Instructions to follow:
Take from the entries below the stretch from the line with "Shaira Jaal on" through the line with "The view from", and return it exactly, leaving the pictures out.

Provided material:
== Segment start ==

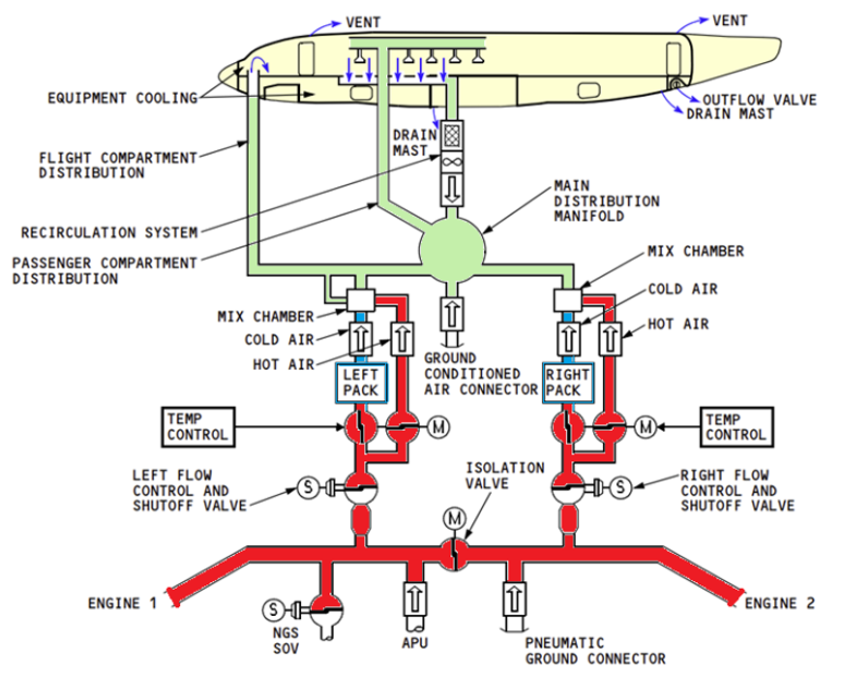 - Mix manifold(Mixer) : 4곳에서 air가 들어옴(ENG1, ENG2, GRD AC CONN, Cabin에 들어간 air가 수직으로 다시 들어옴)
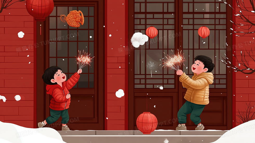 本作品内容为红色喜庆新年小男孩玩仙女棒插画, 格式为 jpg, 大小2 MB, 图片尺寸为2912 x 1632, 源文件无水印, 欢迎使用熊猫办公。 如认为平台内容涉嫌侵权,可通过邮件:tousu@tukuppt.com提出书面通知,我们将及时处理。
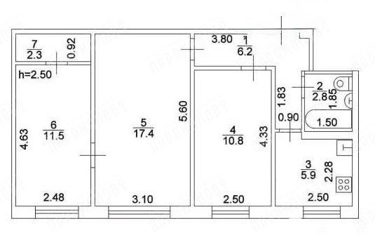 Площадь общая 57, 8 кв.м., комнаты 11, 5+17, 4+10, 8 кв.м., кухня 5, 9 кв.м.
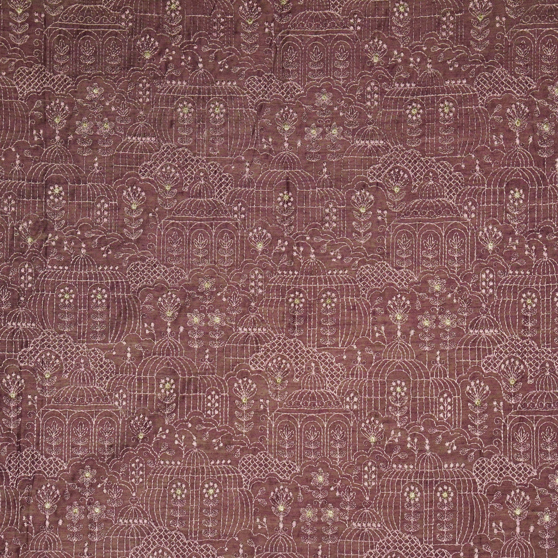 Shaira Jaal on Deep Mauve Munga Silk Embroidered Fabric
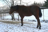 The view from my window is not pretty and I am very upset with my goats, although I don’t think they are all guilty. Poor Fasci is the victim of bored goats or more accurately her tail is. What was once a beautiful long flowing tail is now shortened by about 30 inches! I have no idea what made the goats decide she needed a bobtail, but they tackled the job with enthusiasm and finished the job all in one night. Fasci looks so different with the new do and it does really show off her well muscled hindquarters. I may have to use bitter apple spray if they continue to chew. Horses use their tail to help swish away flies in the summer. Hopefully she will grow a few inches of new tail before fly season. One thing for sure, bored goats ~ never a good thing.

== Segment end ==
== Segment start ==

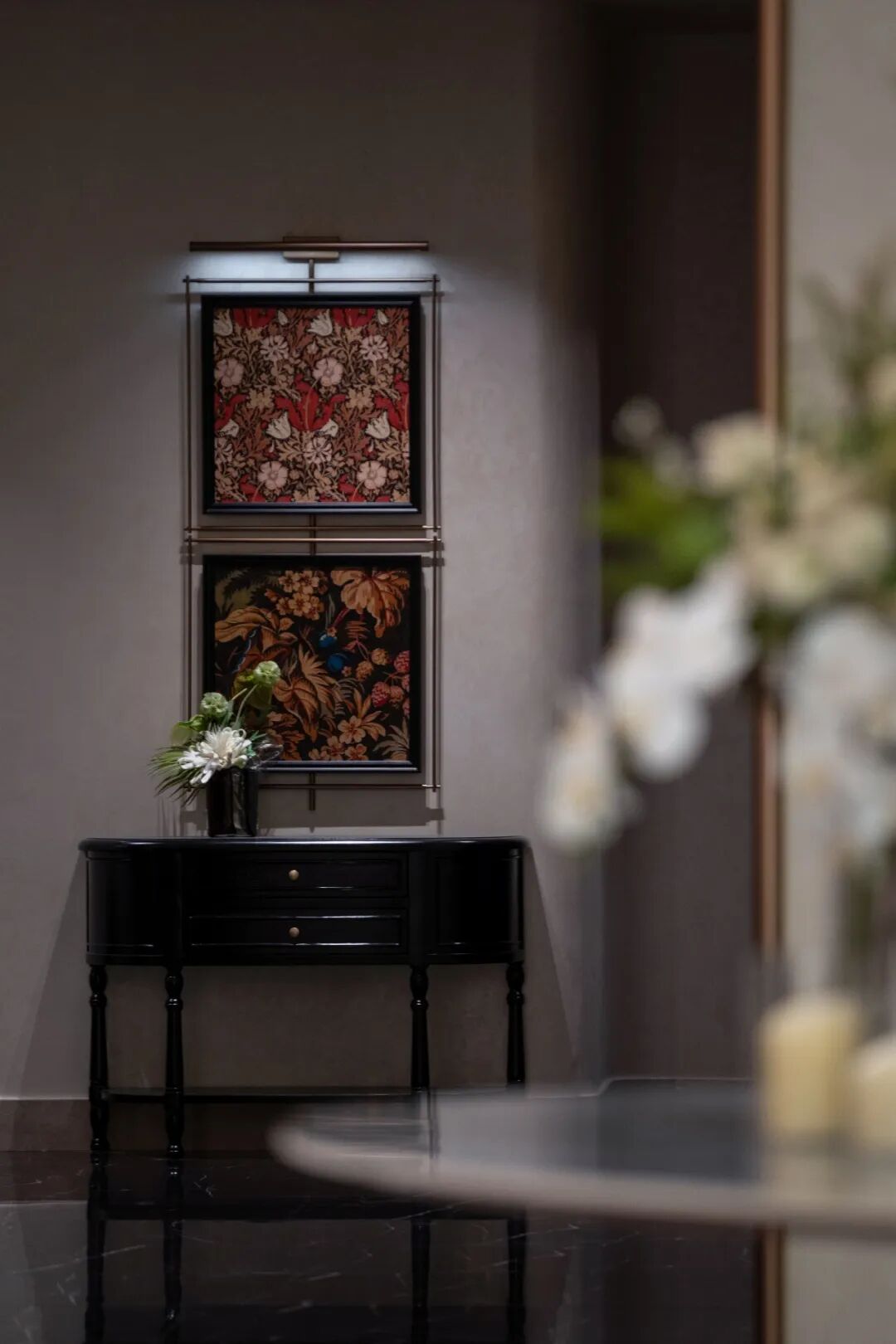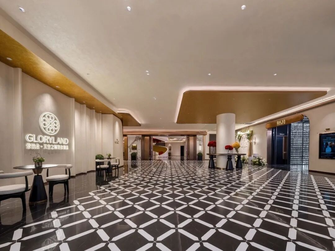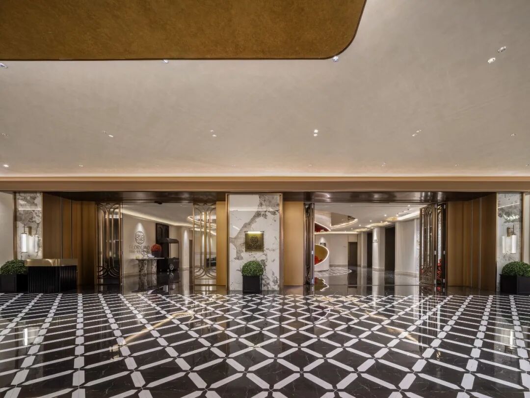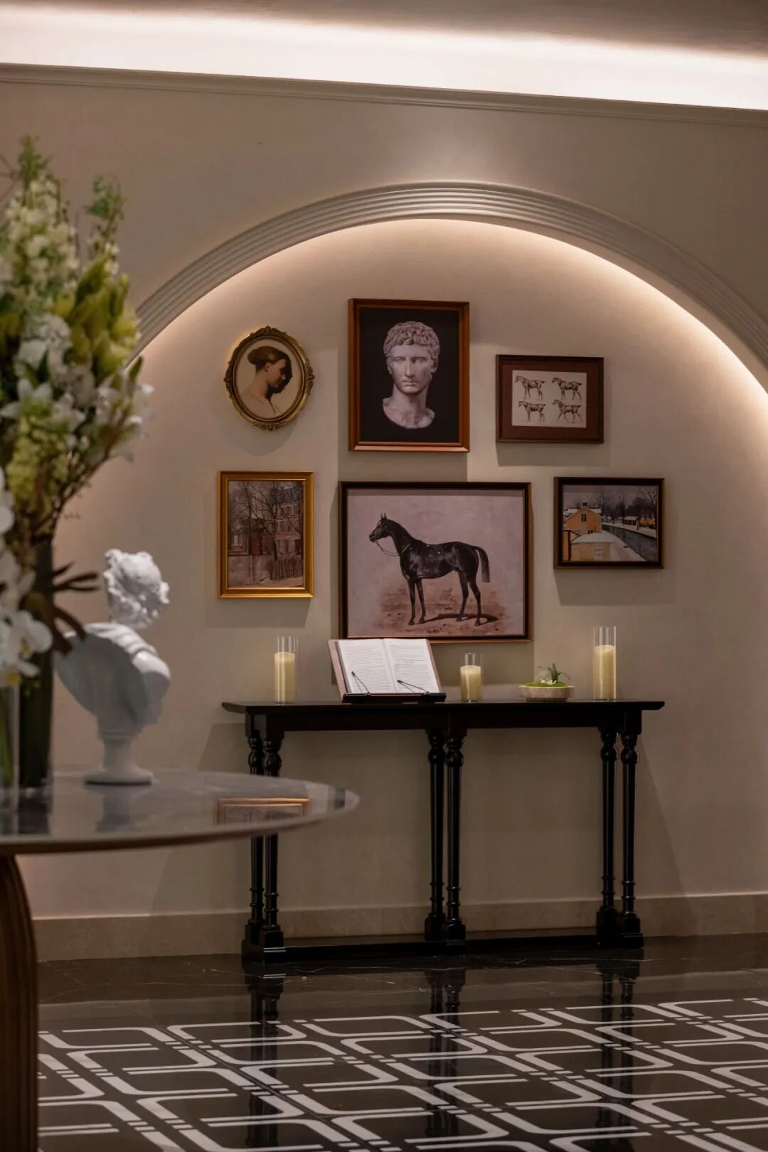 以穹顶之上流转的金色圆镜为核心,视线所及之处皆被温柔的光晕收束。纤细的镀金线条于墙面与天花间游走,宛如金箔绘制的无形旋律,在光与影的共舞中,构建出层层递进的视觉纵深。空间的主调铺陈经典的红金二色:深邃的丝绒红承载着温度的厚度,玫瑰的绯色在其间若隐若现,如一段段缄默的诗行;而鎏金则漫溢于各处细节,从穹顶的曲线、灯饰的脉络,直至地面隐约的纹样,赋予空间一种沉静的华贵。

== Segment end ==

Response area:
 Shaira Jaal on Deep Mauve Munga Silk Embroidered Fabric
 The view from my window is not pretty and I am very upset with my goats, although I don’t think they are all guilty. Poor Fasci is the victim of bored goats or more accurately her tail is. What was once a beautiful long flowing tail is now shortened by about 30 inches! I have no idea what made the goats decide she needed a bobtail, but they tackled the job with enthusiasm and finished the job all in one night. Fasci looks so different with the new do and it does really show off her well muscled hindquarters. I may have to use bitter apple spray if they continue to chew. Horses use their tail to help swish away flies in the summer. Hopefully she will grow a few inches of new tail before fly season. One thing for sure, bored goats ~ never a good thing.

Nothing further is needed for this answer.